[Stored records]
· · ·

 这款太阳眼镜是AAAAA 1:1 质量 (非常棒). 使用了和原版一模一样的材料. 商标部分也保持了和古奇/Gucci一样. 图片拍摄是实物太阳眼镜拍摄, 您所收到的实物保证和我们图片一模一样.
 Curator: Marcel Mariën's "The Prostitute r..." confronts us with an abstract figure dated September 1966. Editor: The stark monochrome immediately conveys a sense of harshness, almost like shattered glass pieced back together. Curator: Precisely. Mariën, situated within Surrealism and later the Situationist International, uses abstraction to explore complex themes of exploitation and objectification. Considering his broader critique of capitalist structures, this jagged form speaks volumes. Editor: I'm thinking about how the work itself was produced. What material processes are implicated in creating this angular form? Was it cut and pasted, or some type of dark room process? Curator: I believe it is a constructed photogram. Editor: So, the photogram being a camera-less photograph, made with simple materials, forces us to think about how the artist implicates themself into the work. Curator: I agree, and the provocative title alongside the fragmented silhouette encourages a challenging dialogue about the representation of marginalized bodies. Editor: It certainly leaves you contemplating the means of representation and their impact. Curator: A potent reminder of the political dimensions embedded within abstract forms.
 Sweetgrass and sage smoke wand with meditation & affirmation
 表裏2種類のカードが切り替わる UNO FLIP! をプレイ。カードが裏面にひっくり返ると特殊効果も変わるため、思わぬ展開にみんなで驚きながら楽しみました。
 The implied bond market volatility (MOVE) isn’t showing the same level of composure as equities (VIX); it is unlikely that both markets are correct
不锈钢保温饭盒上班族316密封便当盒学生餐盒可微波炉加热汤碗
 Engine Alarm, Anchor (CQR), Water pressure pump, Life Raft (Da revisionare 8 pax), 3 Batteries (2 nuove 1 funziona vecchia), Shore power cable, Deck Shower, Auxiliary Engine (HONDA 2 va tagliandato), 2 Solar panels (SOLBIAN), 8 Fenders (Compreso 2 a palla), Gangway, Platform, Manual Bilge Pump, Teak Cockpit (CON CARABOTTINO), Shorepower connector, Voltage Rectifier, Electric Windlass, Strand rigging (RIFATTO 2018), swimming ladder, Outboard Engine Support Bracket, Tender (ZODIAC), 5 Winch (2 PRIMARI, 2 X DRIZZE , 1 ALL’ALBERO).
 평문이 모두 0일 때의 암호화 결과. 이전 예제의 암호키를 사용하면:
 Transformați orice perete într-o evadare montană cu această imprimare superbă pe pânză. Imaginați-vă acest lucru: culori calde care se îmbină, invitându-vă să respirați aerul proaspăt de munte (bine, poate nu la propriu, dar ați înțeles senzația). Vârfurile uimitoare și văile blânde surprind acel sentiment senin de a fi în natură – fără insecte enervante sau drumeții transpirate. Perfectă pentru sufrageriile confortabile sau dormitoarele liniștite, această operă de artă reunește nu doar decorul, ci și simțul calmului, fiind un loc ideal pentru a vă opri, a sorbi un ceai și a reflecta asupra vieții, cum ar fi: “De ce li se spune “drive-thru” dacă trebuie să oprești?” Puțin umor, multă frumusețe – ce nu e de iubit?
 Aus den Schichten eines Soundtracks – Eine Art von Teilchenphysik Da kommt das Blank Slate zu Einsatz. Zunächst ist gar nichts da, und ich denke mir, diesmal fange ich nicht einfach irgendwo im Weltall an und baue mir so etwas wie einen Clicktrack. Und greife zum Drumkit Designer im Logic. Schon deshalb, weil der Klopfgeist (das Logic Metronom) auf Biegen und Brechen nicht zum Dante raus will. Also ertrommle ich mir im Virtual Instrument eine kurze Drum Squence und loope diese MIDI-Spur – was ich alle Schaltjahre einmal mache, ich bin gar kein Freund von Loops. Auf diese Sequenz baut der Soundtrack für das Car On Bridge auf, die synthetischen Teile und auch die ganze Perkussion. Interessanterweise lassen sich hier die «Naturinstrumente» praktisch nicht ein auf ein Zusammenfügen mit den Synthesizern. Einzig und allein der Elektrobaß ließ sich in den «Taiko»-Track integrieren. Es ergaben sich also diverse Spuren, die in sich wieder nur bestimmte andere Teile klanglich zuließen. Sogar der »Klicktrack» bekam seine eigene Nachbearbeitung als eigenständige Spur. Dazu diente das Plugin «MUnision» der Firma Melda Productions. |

· · ·

* [YOUR GOAL] Reproduce the data in full, exactly as presented.

* [COMPLETED EXERCISE]
 这款太阳眼镜是AAAAA 1:1 质量 (非常棒). 使用了和原版一模一样的材料. 商标部分也保持了和古奇/Gucci一样. 图片拍摄是实物太阳眼镜拍摄, 您所收到的实物保证和我们图片一模一样.
 Curator: Marcel Mariën's "The Prostitute r..." confronts us with an abstract figure dated September 1966. Editor: The stark monochrome immediately conveys a sense of harshness, almost like shattered glass pieced back together. Curator: Precisely. Mariën, situated within Surrealism and later the Situationist International, uses abstraction to explore complex themes of exploitation and objectification. Considering his broader critique of capitalist structures, this jagged form speaks volumes. Editor: I'm thinking about how the work itself was produced. What material processes are implicated in creating this angular form? Was it cut and pasted, or some type of dark room process? Curator: I believe it is a constructed photogram. Editor: So, the photogram being a camera-less photograph, made with simple materials, forces us to think about how the artist implicates themself into the work. Curator: I agree, and the provocative title alongside the fragmented silhouette encourages a challenging dialogue about the representation of marginalized bodies. Editor: It certainly leaves you contemplating the means of representation and their impact. Curator: A potent reminder of the political dimensions embedded within abstract forms.
 Sweetgrass and sage smoke wand with meditation & affirmation
 表裏2種類のカードが切り替わる UNO FLIP! をプレイ。カードが裏面にひっくり返ると特殊効果も変わるため、思わぬ展開にみんなで驚きながら楽しみました。
 The implied bond market volatility (MOVE) isn’t showing the same level of composure as equities (VIX); it is unlikely that both markets are correct
不锈钢保温饭盒上班族316密封便当盒学生餐盒可微波炉加热汤碗
 Engine Alarm, Anchor (CQR), Water pressure pump, Life Raft (Da revisionare 8 pax), 3 Batteries (2 nuove 1 funziona vecchia), Shore power cable, Deck Shower, Auxiliary Engine (HONDA 2 va tagliandato), 2 Solar panels (SOLBIAN), 8 Fenders (Compreso 2 a palla), Gangway, Platform, Manual Bilge Pump, Teak Cockpit (CON CARABOTTINO), Shorepower connector, Voltage Rectifier, Electric Windlass, Strand rigging (RIFATTO 2018), swimming ladder, Outboard Engine Support Bracket, Tender (ZODIAC), 5 Winch (2 PRIMARI, 2 X DRIZZE , 1 ALL’ALBERO).
 평문이 모두 0일 때의 암호화 결과. 이전 예제의 암호키를 사용하면:
 Transformați orice perete într-o evadare montană cu această imprimare superbă pe pânză. Imaginați-vă acest lucru: culori calde care se îmbină, invitându-vă să respirați aerul proaspăt de munte (bine, poate nu la propriu, dar ați înțeles senzația). Vârfurile uimitoare și văile blânde surprind acel sentiment senin de a fi în natură – fără insecte enervante sau drumeții transpirate. Perfectă pentru sufrageriile confortabile sau dormitoarele liniștite, această operă de artă reunește nu doar decorul, ci și simțul calmului, fiind un loc ideal pentru a vă opri, a sorbi un ceai și a reflecta asupra vieții, cum ar fi: “De ce li se spune “drive-thru” dacă trebuie să oprești?” Puțin umor, multă frumusețe – ce nu e de iubit?
 Aus den Schichten eines Soundtracks – Eine Art von Teilchenphysik Da kommt das Blank Slate zu Einsatz. Zunächst ist gar nichts da, und ich denke mir, diesmal fange ich nicht einfach irgendwo im Weltall an und baue mir so etwas wie einen Clicktrack. Und greife zum Drumkit Designer im Logic. Schon deshalb, weil der Klopfgeist (das Logic Metronom) auf Biegen und Brechen nicht zum Dante raus will. Also ertrommle ich mir im Virtual Instrument eine kurze Drum Squence und loope diese MIDI-Spur – was ich alle Schaltjahre einmal mache, ich bin gar kein Freund von Loops. Auf diese Sequenz baut der Soundtrack für das Car On Bridge auf, die synthetischen Teile und auch die ganze Perkussion. Interessanterweise lassen sich hier die «Naturinstrumente» praktisch nicht ein auf ein Zusammenfügen mit den Synthesizern. Einzig und allein der Elektrobaß ließ sich in den «Taiko»-Track integrieren. Es ergaben sich also diverse Spuren, die in sich wieder nur bestimmte andere Teile klanglich zuließen. Sogar der »Klicktrack» bekam seine eigene Nachbearbeitung als eigenständige Spur. Dazu diente das Plugin «MUnision» der Firma Melda Productions. |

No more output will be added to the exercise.